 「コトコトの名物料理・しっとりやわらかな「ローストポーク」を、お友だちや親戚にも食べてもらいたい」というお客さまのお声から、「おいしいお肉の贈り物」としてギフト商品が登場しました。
◆ ◆ ◆ ◆
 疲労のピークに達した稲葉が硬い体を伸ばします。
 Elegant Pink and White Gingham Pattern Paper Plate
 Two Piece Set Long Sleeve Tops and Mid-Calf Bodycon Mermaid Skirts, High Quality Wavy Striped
◆ ◆ ◆ ◆
### Assignment
All that is wanted is a faithful reproduction of the line above with "Elegant Pink and", the line with "Two Piece Set", and every line in between.

### Solved problem
 Elegant Pink and White Gingham Pattern Paper Plate
 Two Piece Set Long Sleeve Tops and Mid-Calf Bodycon Mermaid Skirts, High Quality Wavy Striped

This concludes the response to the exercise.